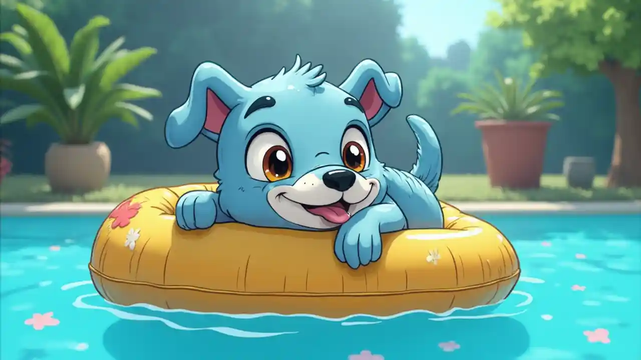 Bluey, piirretty koira, nauttii päivästä altaan vieressä
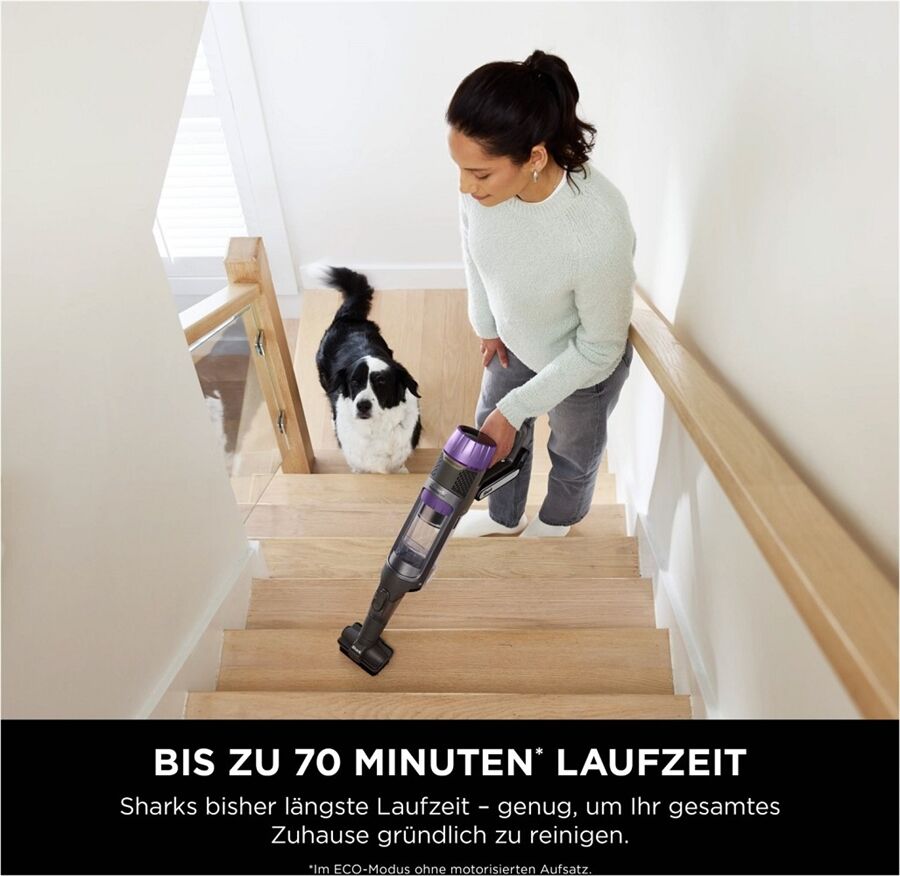 Zudem kann der selbstentleerende Staubsauger mit einer Laufzeit von bis zu 70 Minuten† auch längere Reinigungseinsätze bewältigen.
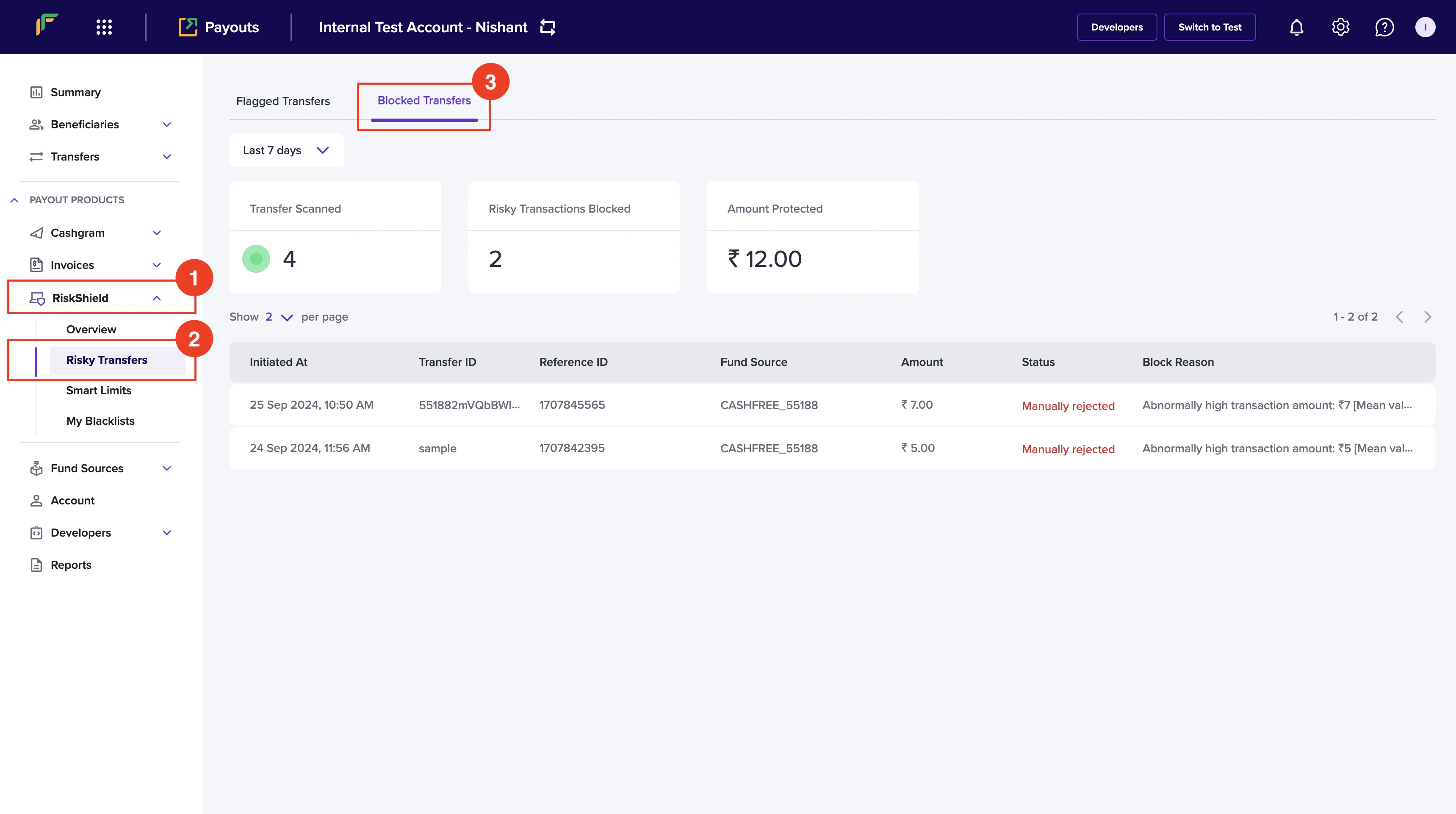 - Navigate to Payout Protect > Risky Transfers.
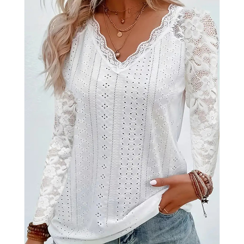 Women's Blouse Lace Tops Plain Active Stylish Long Sleeve V Neck Regular Tops Daily Holiday Going out Lace Patchwork White Pink Wine Light Blue Summer Spring
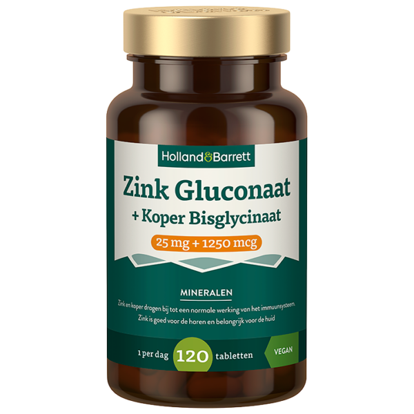 Holland & Barrett Zink Gluconaat 25mg + Koper Bisglycinaat 1250mcg - 120 tabletten
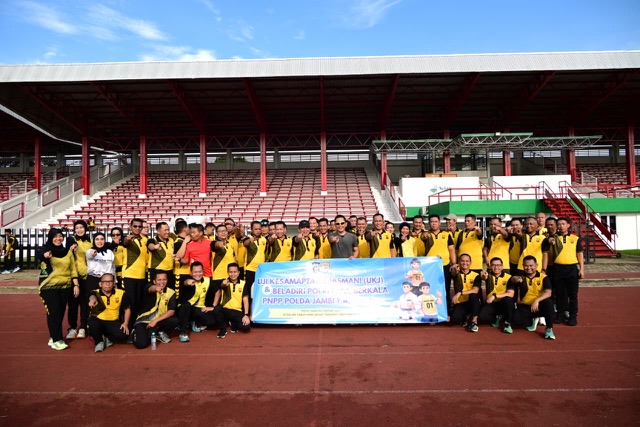 Kegiatan yang dilaksanakan di Lapangan Tri Lomba Juang KONI Kota Jambi dan diikuti langsung oleh Kapolda Jambi Irjen Pol. Krisno H. Siregar, didampingi Wakapolda Jambi Brigjen Pol B. Ali, Irwasda Polda Jambi Kombes Pol Jannus P. Siregar, serta para pejabat utama, Wadir, Kabag, Kasubdit, dan Pamen di lingkungan Polda Jambi.
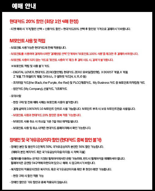 현대카드 회원 선예매 : 4월 27일 목요일 낮 12시 ~ 23시 59분
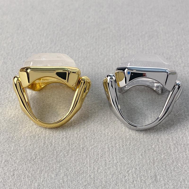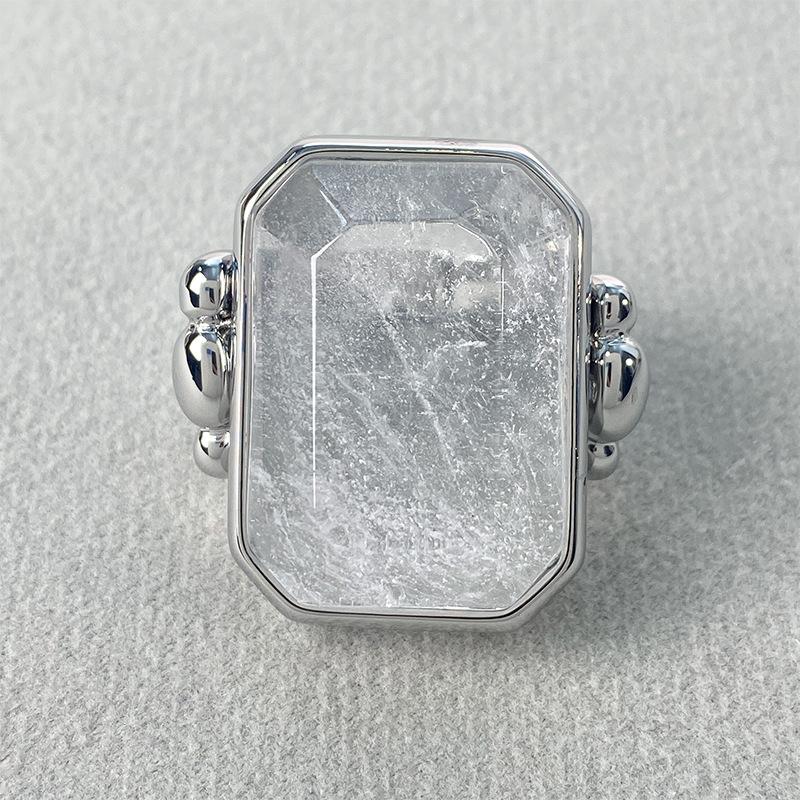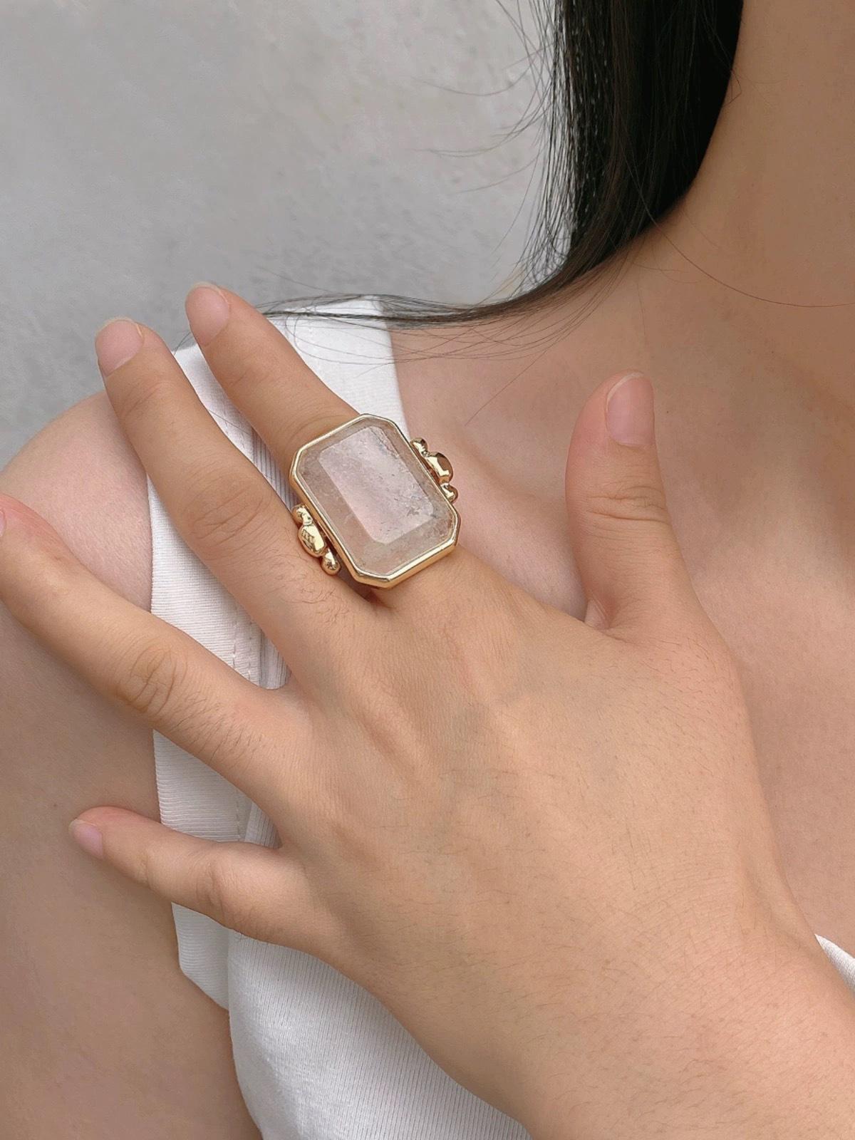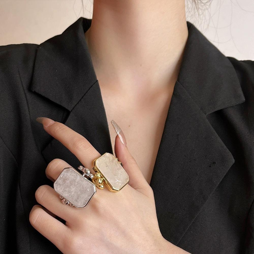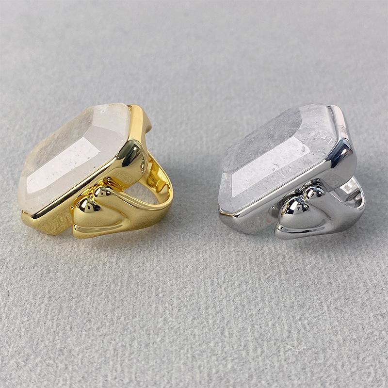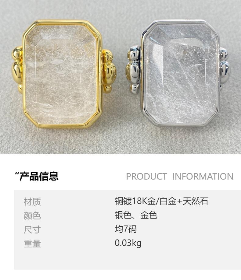 Anillo de Cristal de Piedra Natural Cuadrado de Moda Vintage Francés Personalidad Exagerada Chapado en Oro al Vacío Sensación de Alta Gama
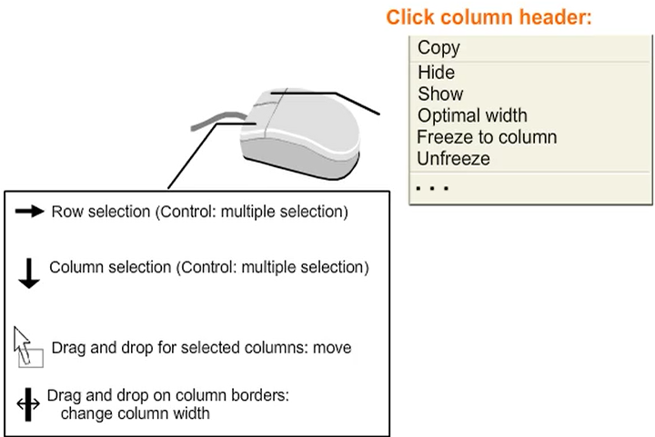 You can define a selected column as the last fixed column. When you scroll across the screen, the columns to the right of the selected column are scrolled through. It is useful when you have a wide list in which not all columns can be displayed on the screen. You can still see the important columns all the time.

**Problem description:** Please restate, word for word, the lines from the one with "Holland & Barrett" through the final line of the material, both included, and omit the pictures.

**Solution for this problem:**
 Holland & Barrett Zink Gluconaat 25mg + Koper Bisglycinaat 1250mcg - 120 tabletten
 Kegiatan yang dilaksanakan di Lapangan Tri Lomba Juang KONI Kota Jambi dan diikuti langsung oleh Kapolda Jambi Irjen Pol. Krisno H. Siregar, didampingi Wakapolda Jambi Brigjen Pol B. Ali, Irwasda Polda Jambi Kombes Pol Jannus P. Siregar, serta para pejabat utama, Wadir, Kabag, Kasubdit, dan Pamen di lingkungan Polda Jambi.
 현대카드 회원 선예매 : 4월 27일 목요일 낮 12시 ~ 23시 59분
 Anillo de Cristal de Piedra Natural Cuadrado de Moda Vintage Francés Personalidad Exagerada Chapado en Oro al Vacío Sensación de Alta Gama
 You can define a selected column as the last fixed column. When you scroll across the screen, the columns to the right of the selected column are scrolled through. It is useful when you have a wide list in which not all columns can be displayed on the screen. You can still see the important columns all the time.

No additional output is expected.